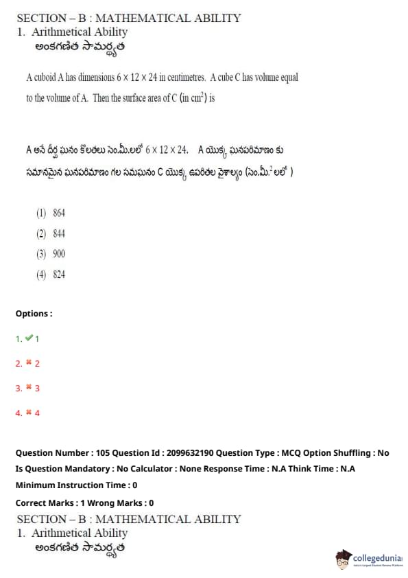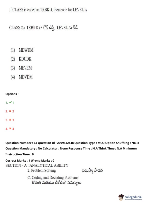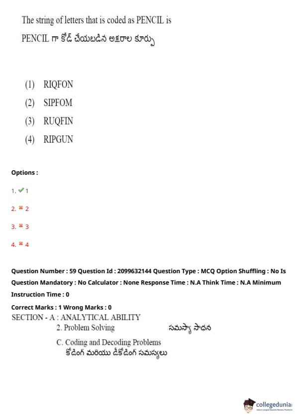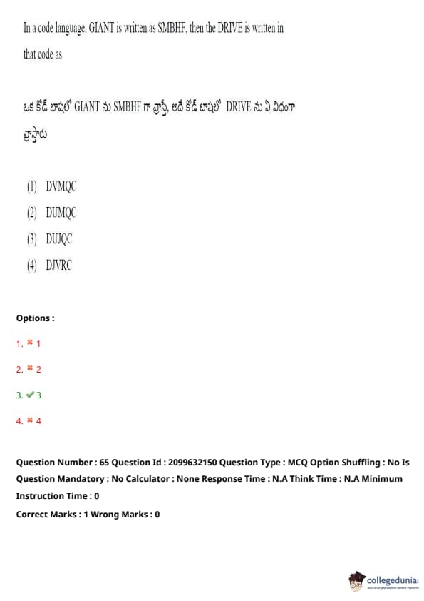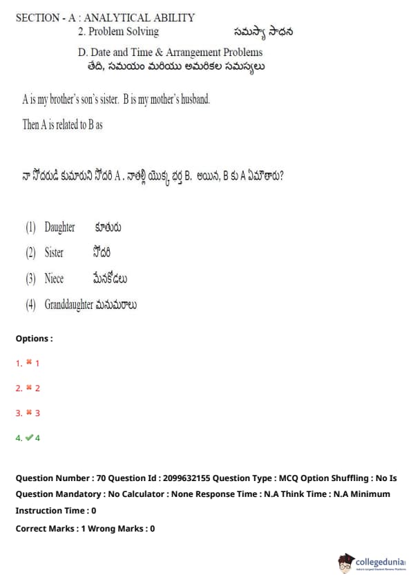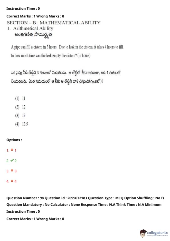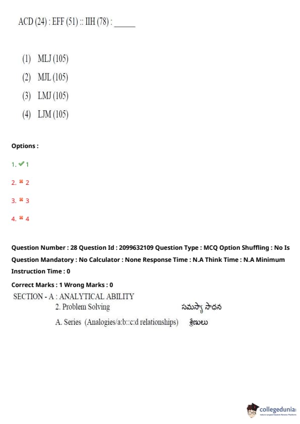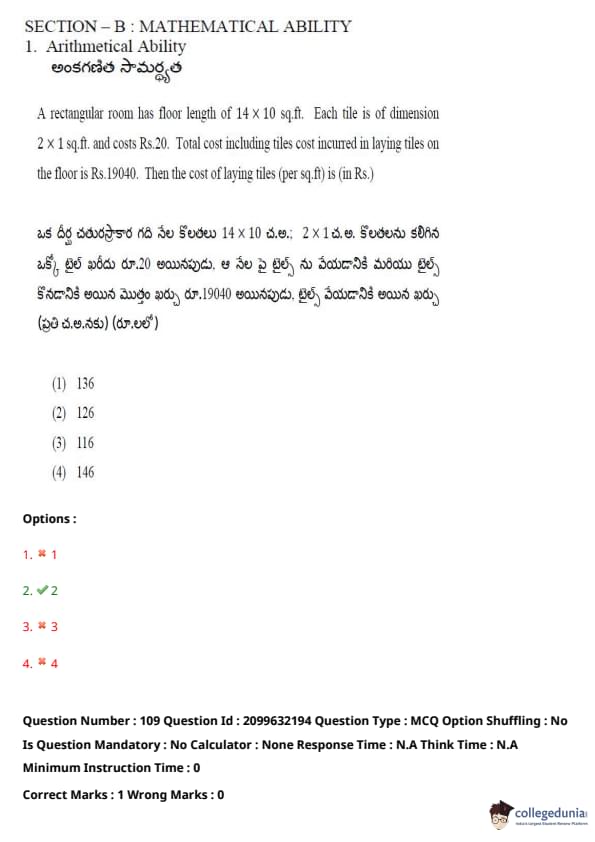 TSICET 2024 Question paper with Answer Key PDF (June 5 - Shift 2)
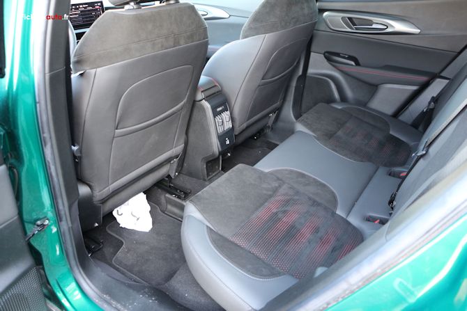 Tout d'abord l'habitabilité au deuxième qui s'avère être assez généreuse et apte pour embarquer des adultes (en aligner trois est toutefois un peu optimiste). On a à la fois un espace très correct aux jambes tout en profitant d'une largeur de banquette pas ridicule non plus. Et si la place arrière centrale est moins confortable, le tunnel de servitude n'est pas trop imposant et la largeur d'assise n'est pas si étroite que ça, c'est donc très praticable tant qu'on ne fait pas mille bornes.
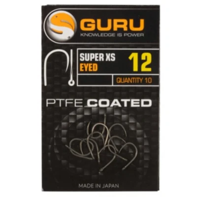 Guru Super XS Eyed - Available in different hook sizes and hook types! - Number of pieces: 10 - Very Sharp - Durable hook - With eye - Good and fast hooking - Perfect for large bait - PFTE coated - Ideal for coarse fishing! The Super XS Eyed is a very sharp hook from Guru. This durable hook is equipped with a PFTE coating, so the hook will stay sharp longer and last longer. This hook guarantees a good and fast hooking. Very suitable for the use of large bait. The ideal hook for coarse fishing!
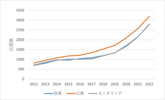 広義領域の2021年出願数は2015年出願数の約1.4倍であるのに対し、狭義領域は約2.4倍、モニタリング領域は約3.4倍と大幅に増加しており、狭義領域およびモニタリング領域は2015年以降、社会実装が進んでいるといえます。
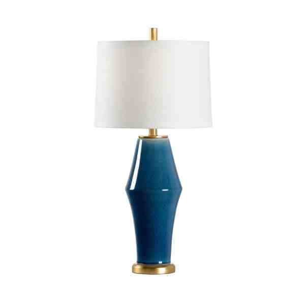 Gray blue crackle glazed ceramic with antique gold leaf wood cap and base and with antique brass parts
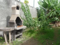 Сад: бассейн (3,5 х 3,5 м - одобренный барьер безопасности) в зеленой, цветущей обстановке, местный газон, фруктовые деревья, шезлонги, барбекю.
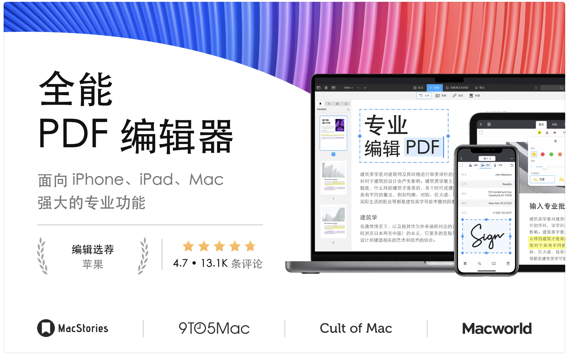 适用于您的所有设备 – 在任何 Apple 设备(Mac、iPad 和 iPhone)上使用 PDF Expert。使用 Apple 的 Continuity 和 Handoff 功能将文档从一台设备无缝传输到另一台设备,并在您离开的地方继续编辑。
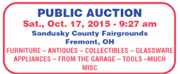 PUBLIC AUCTIONSat., Oct. 17, 2015 – 9:27 amSandusky County FairgroundsFremont, OHFURNITURE – ANTIQUES – COLLECTIBLES – GLASSWAREAPPLIANCES – FROM THE GARAGE – TOOLS –MUCHMISC 10/17/15 at 9:27 AM EDT Location: 901 Rawson Ave, LOCATION: Sandusky County Fairgrounds, 901 Rawson Ave., Fremont. Take the by-pass around Fremont to the SR 53 North exit, at stoplight turn south towards town to fairgrounds. SELLING ORDER: Selling from 2 Auction Rings in Jon’s Dream Barn. Ring #1 will start with Furniture, Appliances, and then move to Tables of glassware, collectibles & household items. Ring #2 will start with items located outside of Anderson Barn being Lawn Mowers and Lawn & Garden, then will move inside buildling on SHop Tools & Misc, Over 60 skids of box lots choices. RING #1 – FURNITURE, APPLIANCES, PATIO FURNITURE, REC & WEIGHT ROOM ITEMS FURNITURE: Primitive 2pc Oak Bakers cabinet w/3 door, 6 drawer & 1 bin top over 2 drawer 2 bin btm;
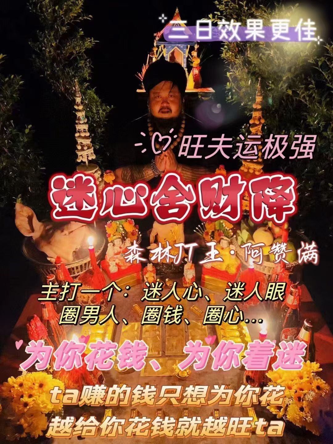 ✨【森林JT王阿赞满•迷心舍财J🔥】主打一个:迷人心、迷人眼、圈男人、圈钱、圈心...让你的男人爱不释手、让你的男人围着你转、让你的男神为你颠倒、顶级舍财法门‼️让他为你花钱、为你着迷‼️此FS不仅可以帮你成功拴住男人的心,而且可以帮你的男人得到事业各方面的提升,旺夫运极强‼️他赚的 只想为你花,...
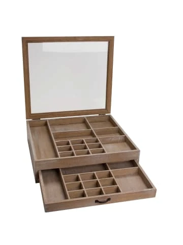 Muscheln, Edelsteine, Fossilien, Fingerhüte, Miniaturfiguren – es gibt so viele Kleinigkeiten, für die sich das Sammlerherz begeistern kann. Gut aufgehoben und schön präsentiert sind Ihre Lieblingsobjekte in diesem Setzkasten. Er enthält zwei Ebenen, beide in verschieden große Fächer unterteilt. Die obere Ebene ist durch einen Glasdeckel (zum Klappen) geschützt, die untere lässt sich wie eine Schublade herausziehen. Damit erinnert der Setzkasten an die Ausrüstung, mit deren Hilfe die Forscher früher ihre Schätze archivierten. – Einfarbig – Vintage
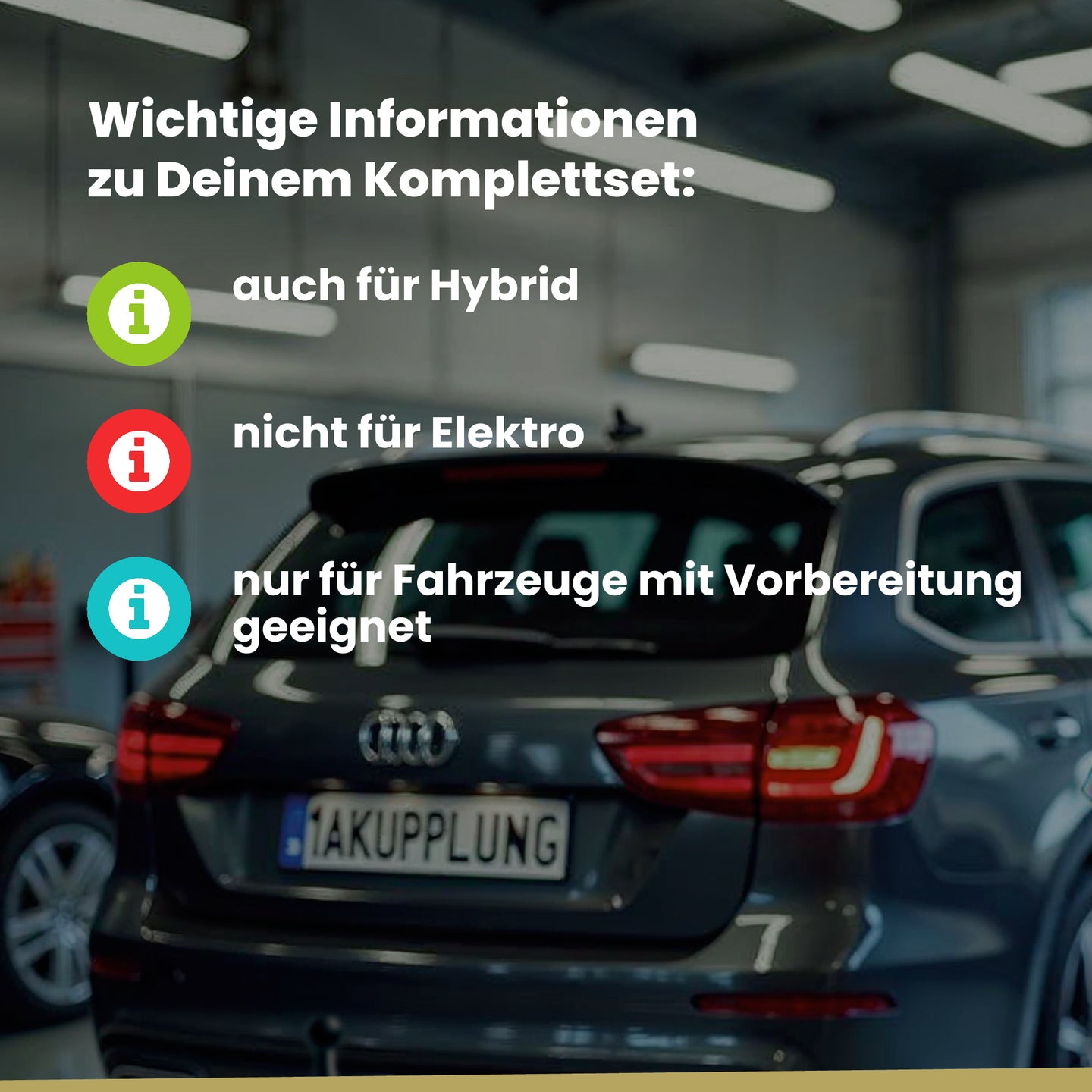 Kein langes Suchen mehr: Unsere Anhängerkupplungen kommen im „Sorglos‑Set“ mit dem passenden, fahrzeugspezifischen 13‑poligen Elektrosatz von JAEGER Automotive – direkt vom Premium-Lieferanten aus Verl. Alles, was du zum perfekten Anschluss brauchst, ist inklusive.
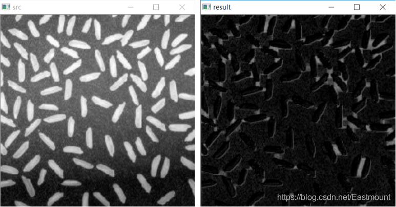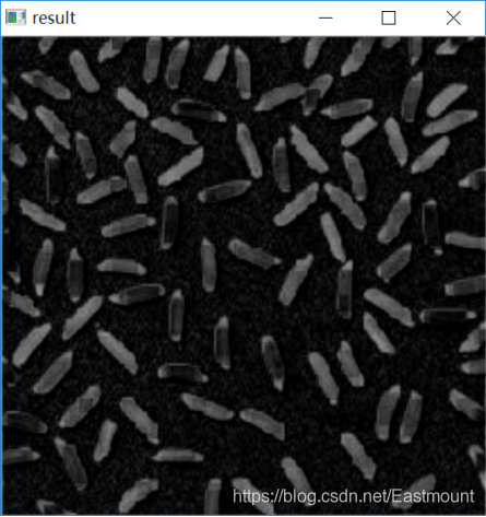 其运行结果如下,它有效地将米粒与背景分离开来。
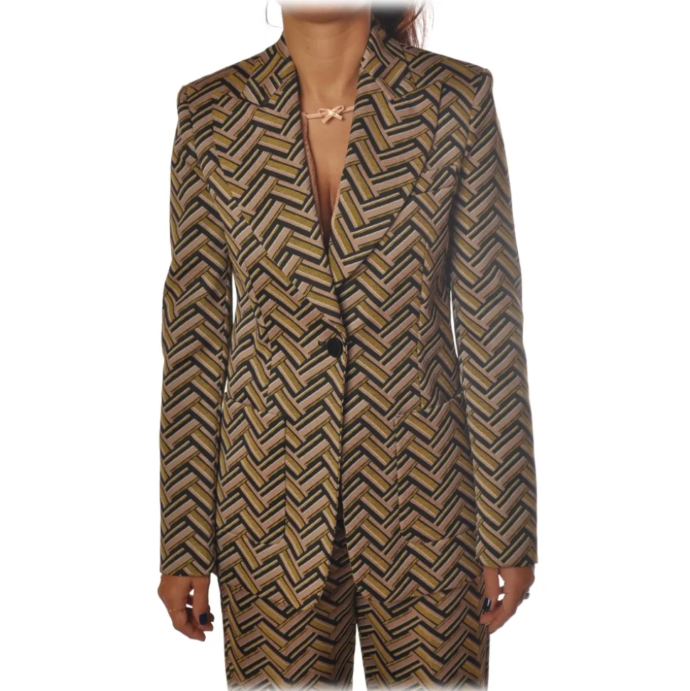 Pinko – Jacket Cassegrain in Geometric Pattern – Yellow/Pink – Jacket – Made in Italy – Luxury Exclusive Collection
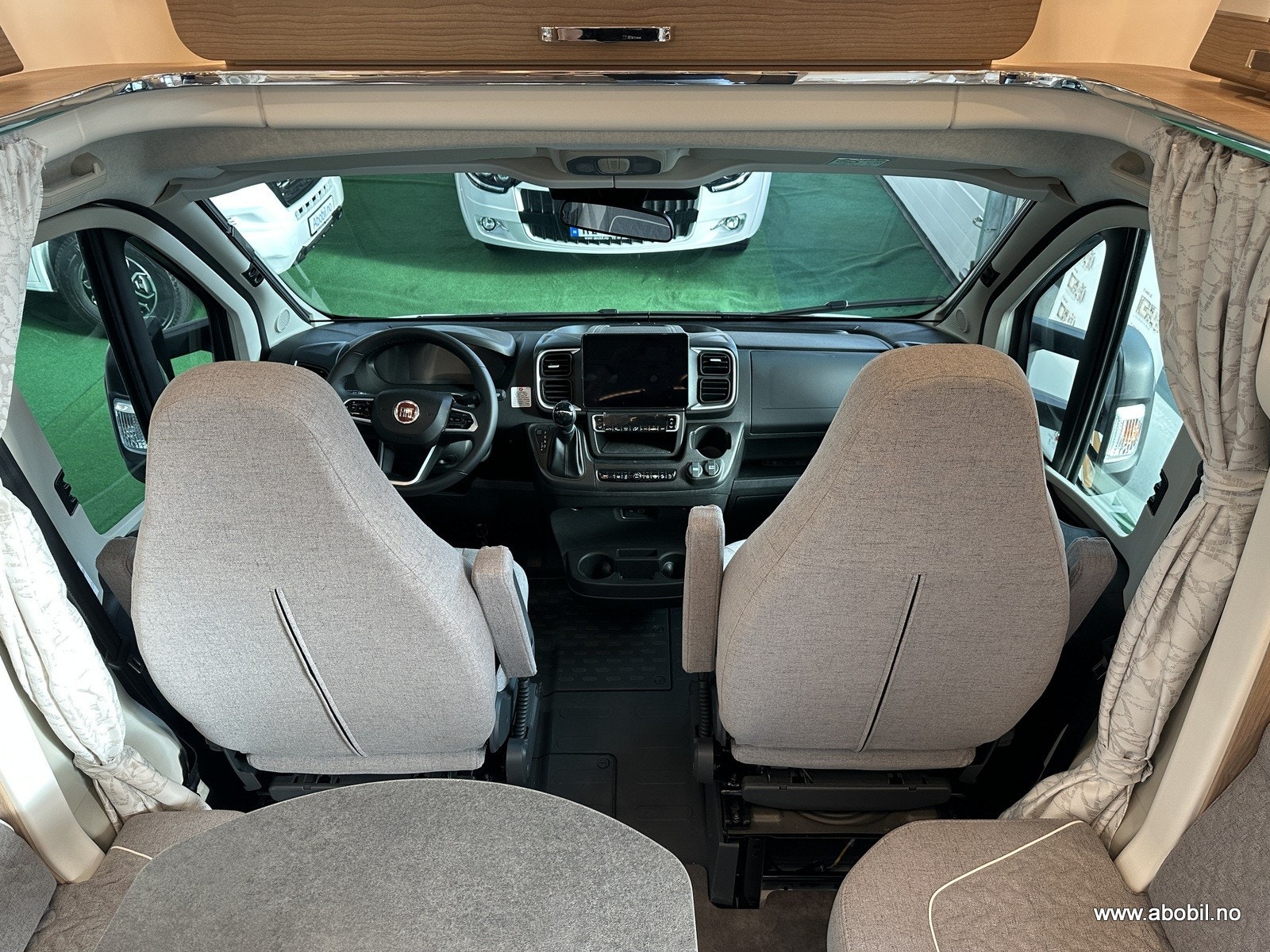 Komfortable fører- og passasjerseter, dreibare og med polstrede armlener, trukket i matchende interiørstoff.
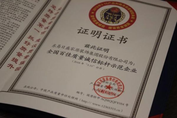 在2018年3·15期间,国家质量监督检验检疫总局和中国质量检验协会联合主办了“产品和服务质量诚信承诺”主题活动在经历了严格的评选和考核之后,国家质检总局隆重授予东易日盛集团“全国百佳质量诚信标杆示范企业”的荣誉称号。
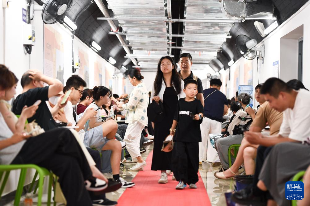 7月13日,人們在南京北極巖人防工程避暑納涼。
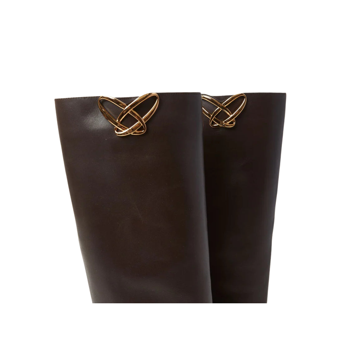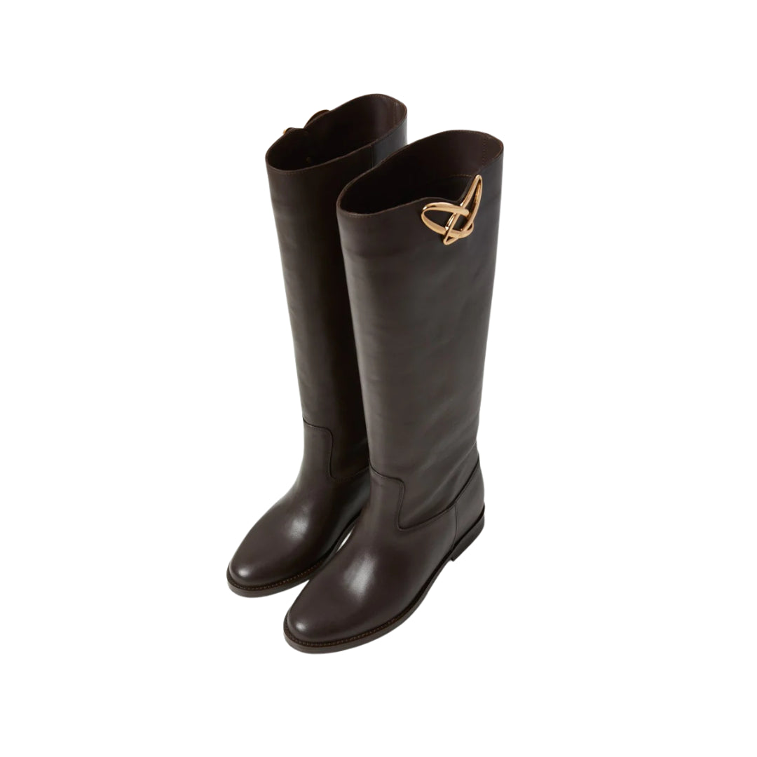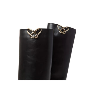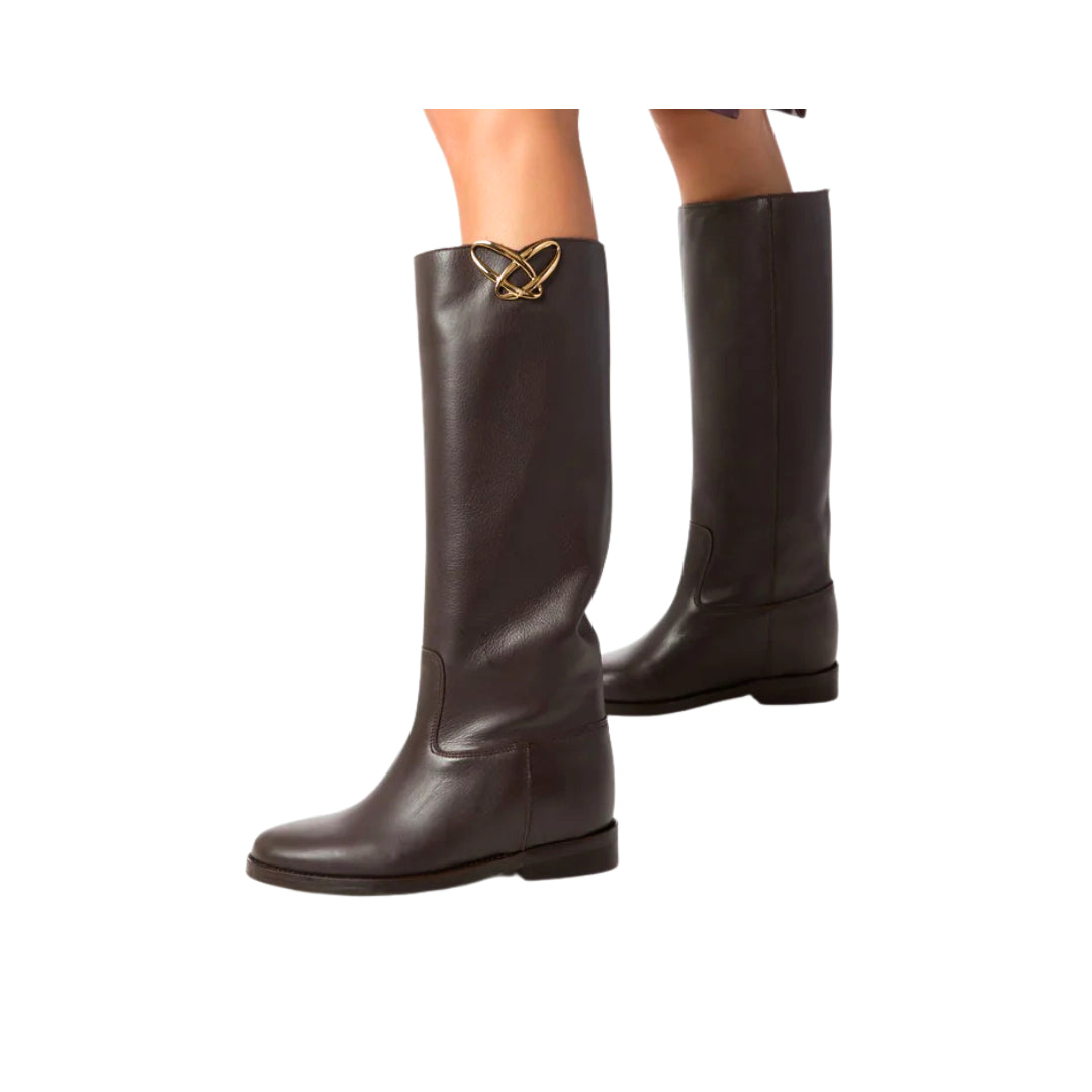 Stivali OVYE' nere in pelle con accessorio oro, zeppa interna 3 cm.
═══
Your output should be the lines above from the one that contains "広義領域の2021年出願数は" through the one that contains "适用于您的所有设备 – 在任何", word for word, with pictures left out.

● Result of the exercise
 広義領域の2021年出願数は2015年出願数の約1.4倍であるのに対し、狭義領域は約2.4倍、モニタリング領域は約3.4倍と大幅に増加しており、狭義領域およびモニタリング領域は2015年以降、社会実装が進んでいるといえます。
 Gray blue crackle glazed ceramic with antique gold leaf wood cap and base and with antique brass parts
 Сад: бассейн (3,5 х 3,5 м - одобренный барьер безопасности) в зеленой, цветущей обстановке, местный газон, фруктовые деревья, шезлонги, барбекю.
 适用于您的所有设备 – 在任何 Apple 设备(Mac、iPad 和 iPhone)上使用 PDF Expert。使用 Apple 的 Continuity 和 Handoff 功能将文档从一台设备无缝传输到另一台设备,并在您离开的地方继续编辑。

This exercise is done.